Defended by the 5e Bataillon, T Regiment de Tirailleurs Algeriens (5th Battalion, 7th Algerian Rifle regiment, or 5/7 RTA), Gabrielle was the only strongpoint with an inner defensive perimeter, making its defeat a far more difficult chore for the Vietminh. At 2000, two regiments of the Vietminh 308th Division attacked. They were initially contained, but the Algerians, with their officers dead and under the strain of constant artillery bombardment, began to give ground.
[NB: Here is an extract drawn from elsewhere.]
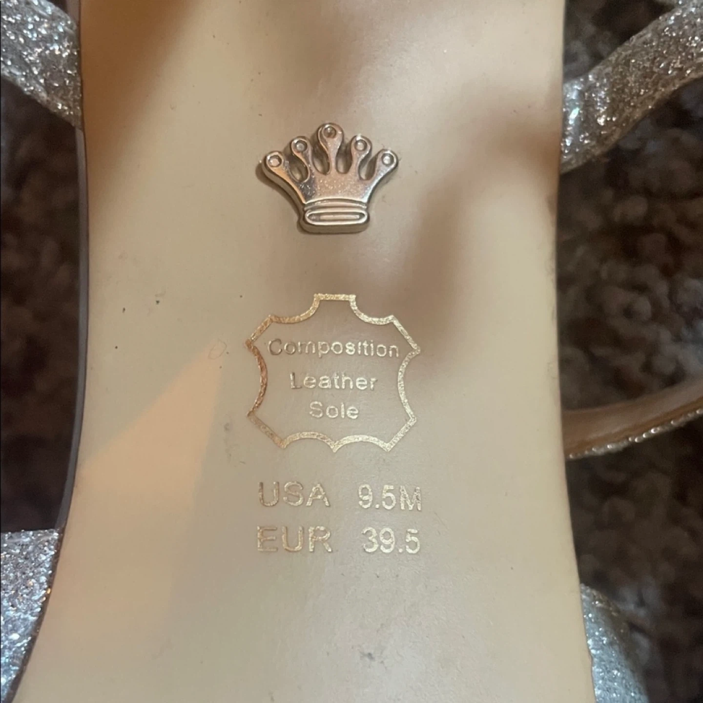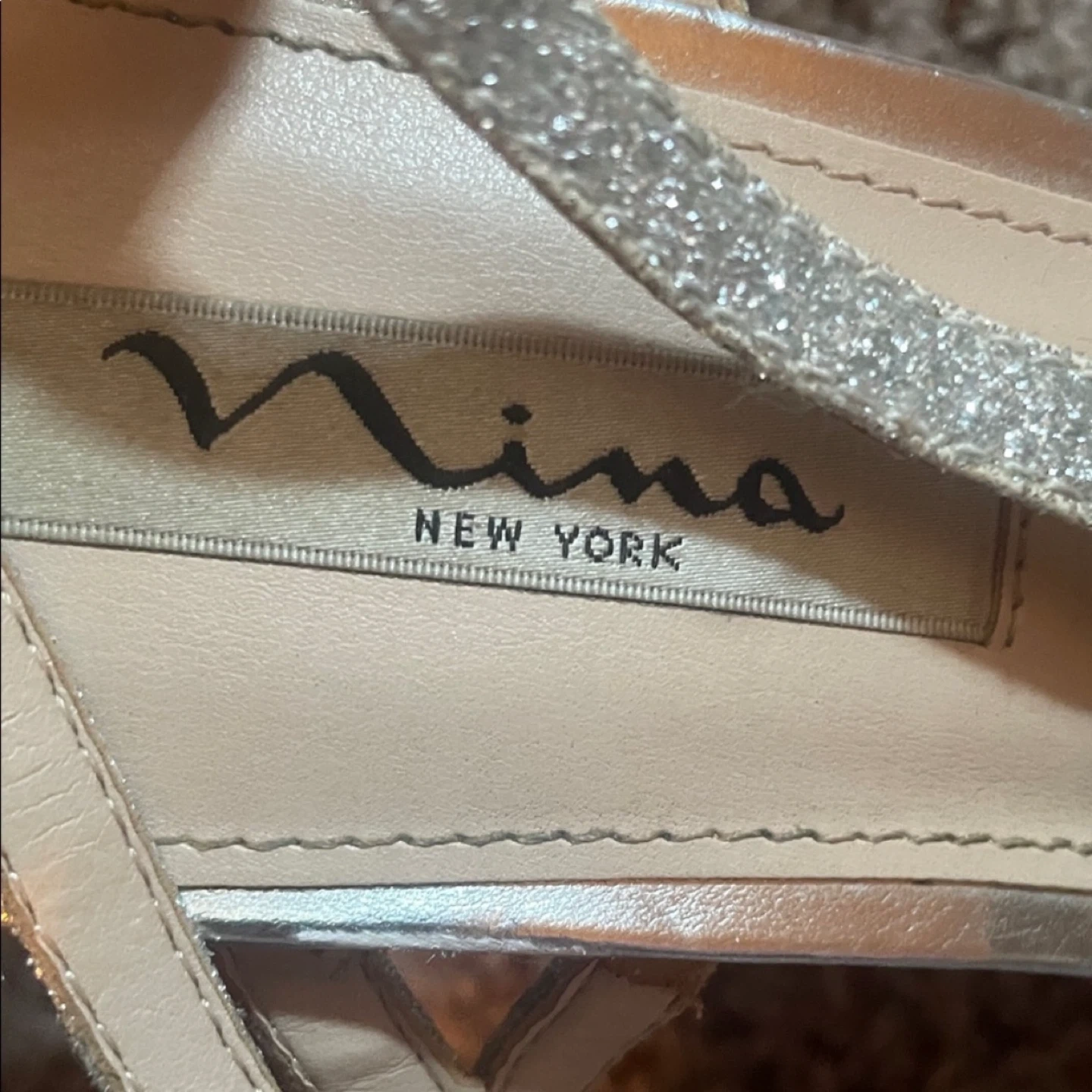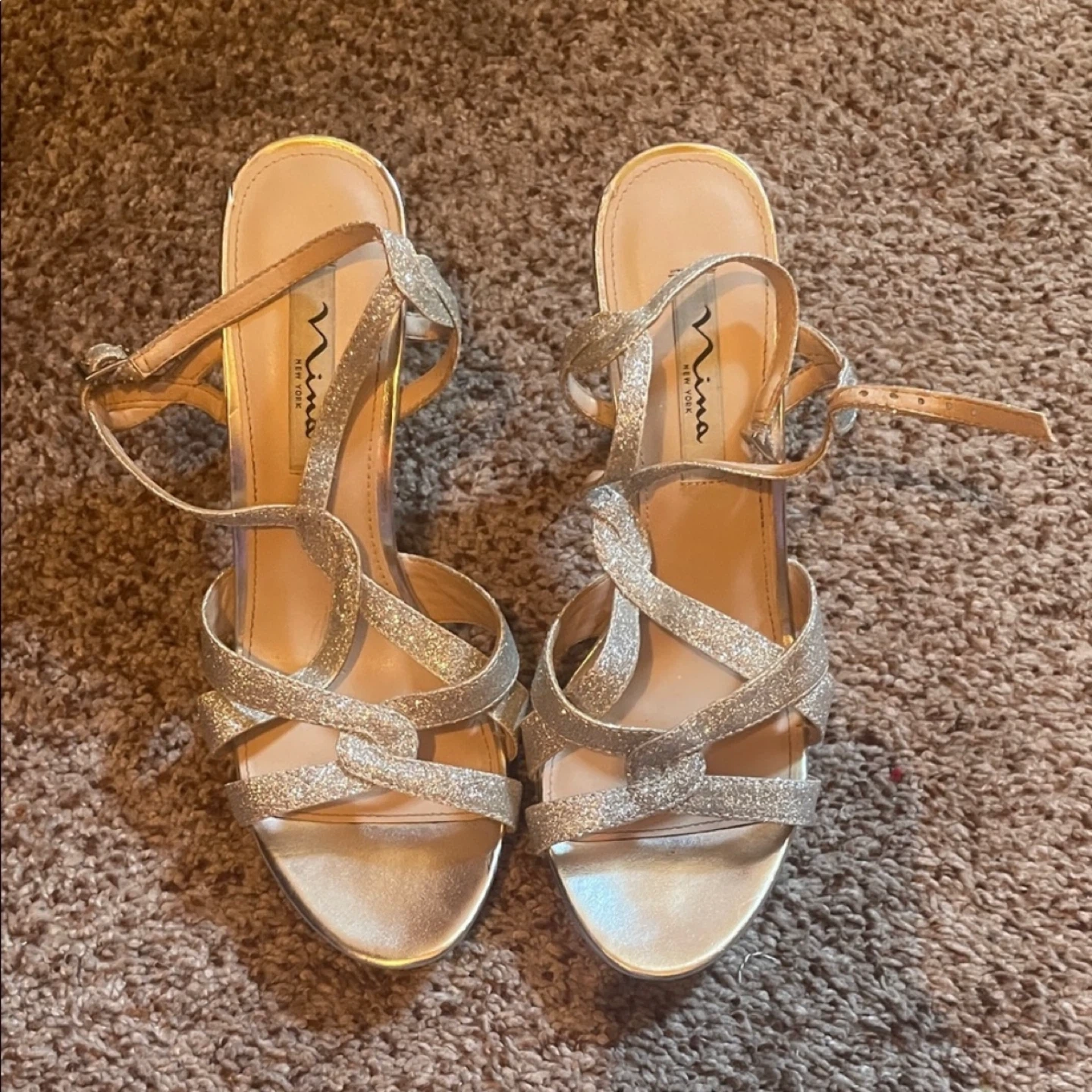 Sparkly silver glitter strappy heels by Nina. Features a classic high heel design and adjustable ankle strap. Made with a leather sole for comfort. These are a size 9 US / 39.5 EU. Perfect for dressing up any outfit for a night out or special occasion!
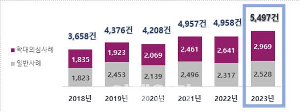7일 보건복지부와 중앙장애인권익옹호기관이 공개한 ‘2023 장애인학대 현황보고서’에 따르면 전체 신고건수는 5497건으로 전년 대비 10.9% 증가했다. 2018년 첫 조사때 3658건이었던 것이 이후 4000건대에서 꾸준히 유지되다 지난해 처음으로 5000건을 넘은 것이다. 이중 학대 의심사례는 2969건(54.0%)으로 전년 대비 12.4% 증가했다. 학대의심사례에 대한 판정결과도 학대 1418건(47.8%)으로 전년 대비 232건(19.6%) 증가했다.

At approximately 0400, de Castries ordered Langlais to put together a tank-led counterattack force in an effort to re-secure the threatened Gabrielle. In assembling his force, Langlais selected a company of the 1 BEP to lead the attack with the tanks in support. In an uncharacteristic display of poor judgement, he chose the 5 BPVN as his main force the same 5 BPVN that had just jumped into Dien Bien Phu fourteen hours earlier. Not only was this battalion weary from their recent drop, but they were unfamiliar with the terrain, trenches and barbed wire, and had to travel nearly the entire length of the central position to get to the jumping-off point for the counterattack.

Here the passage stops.